Our purpose was enhancing the implementation of cooperative learning in Hungarian public education by a general model of cooperative learning based on the basic principles which were made explicit in the discourse. Therefore, Arató and Varga have completed both the description and number of basic principles. It was Kagan who articulated clearly the significance of a (post-)structural approach and tried to set up a coherent system of basic structural principles. The first attempt to understand cooperative learning as a complex system of theory and practice belongs to Johnson and Johnson (1989, 1994). They defined five basic elements or components of cooperative learning. These elements are included in our completed system of basic principles (Arató, 2010; Arató & Varga, 2006). In the following I will shortly represent the principles, as “symbolic generalizations”, and a “system of laws” (Kuhn, 1970).
Open and flexible structures of learning
Following Kagan (Kagan, 1992) we can call cooperative structures only those learning structures in which all of the basic principles are built-in to the steps of the learning process. According to the principle of using open and flexible structures of learning we should first accept and understand that we are on the way of re-structuring the learning process in our everyday practice, so we should focus on structures of learning. Our structures should be open for different individuals’ self-actualizations, different academic fields, inter-disciplinary issues, spontaneous reactions of the participants not to risk the positive role of structures enhancing the learning process.
According to this and the new roles of teachers elaborated structures must be flexible to accompany the individual needs of different participants. New tasks of teachers like designing cooperative structures; monitoring; intervening and modeling; and facilitating group processing, team building need flexibility from both of the side of the teachers and the learning structures. The openness and flexibility can be easily arranged, structured by means of the completed and extended system of the basic principles of cooperative learning (Arató, 2011; Arató & Varga, 2006).

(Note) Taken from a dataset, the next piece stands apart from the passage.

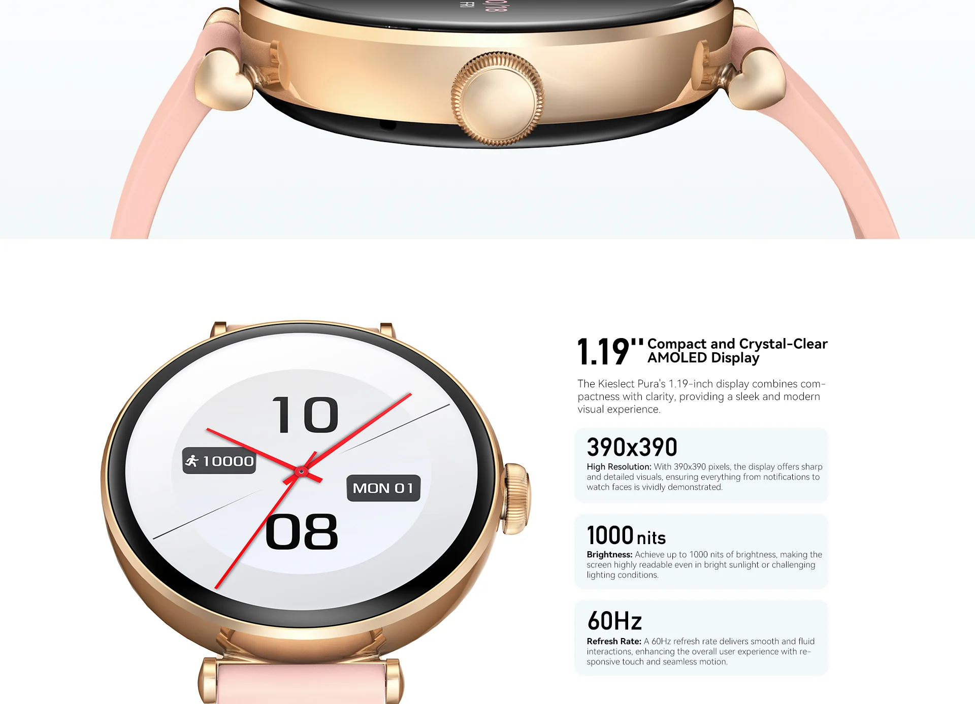 • Écran AMOLED ultra-clair de 1,19 pouces.
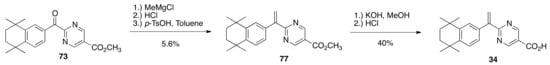 6.48. 2-(1-(5,5,8,8-tetramethyl-5,6,7,8-tetrahydronaphthalen-2-yl)vinyl)pyrimidine-5-carboxylic acid (34)

Positive Interdependence: Encouraging and Constructive Interdependence
Positive interdependence as a basic element of cooperative learning was elaborated by the Johnson brothers based on Deutsch’s teaching about competition and cooperation and the role of interdependence. It is more than a half century old discourse about social interdependence and the distinction of positive and negative interdependence (Deutsch, 1949, 1962, 2006; Johnson & Johnson 1994, 1999, 2005, 2009). Structurally we could say that teachers should structure the learning process so that none of the participants could complete his/her assignment without the others. The Johnson brothers described eight types of positive interdependence (Johnson & Johnson, 1999). We left out reward and outside enemy interdependence from the list following the guidelines of client-orientated psychotherapy and assertive communication (Rogers, Gordon, Rosenberg) and described this narrower list of positive interdependence as encouraging and constructive interdependence. Interdependence is encouraging when learners have a goal, resources, role, identity, environmental, and task interdependence therefore someone should turn himself/herself towards cooperation because of the settings and structures of learning activities independently from the state of his/her cooperative attitudes, skills, knowledge, and experiences. Those are the positively interdependent structures of cooperation in which someone can’t avoid working together with the others, even when someone would like to articulate his/her non-participative attitude towards learning and learning together with others – in a cooperative structure every single participant can articulate his/her attitude regardless from its content. Within positively interdependent structures it is self-actualization and spontaneity in a pro-motive contact within interpersonal relations (2-4 persons in a micro-group) which maintains motivation in learning. That is the reason why we call these types of interdependence – mainly described by Johnson and Johnson – encouraging interdependence.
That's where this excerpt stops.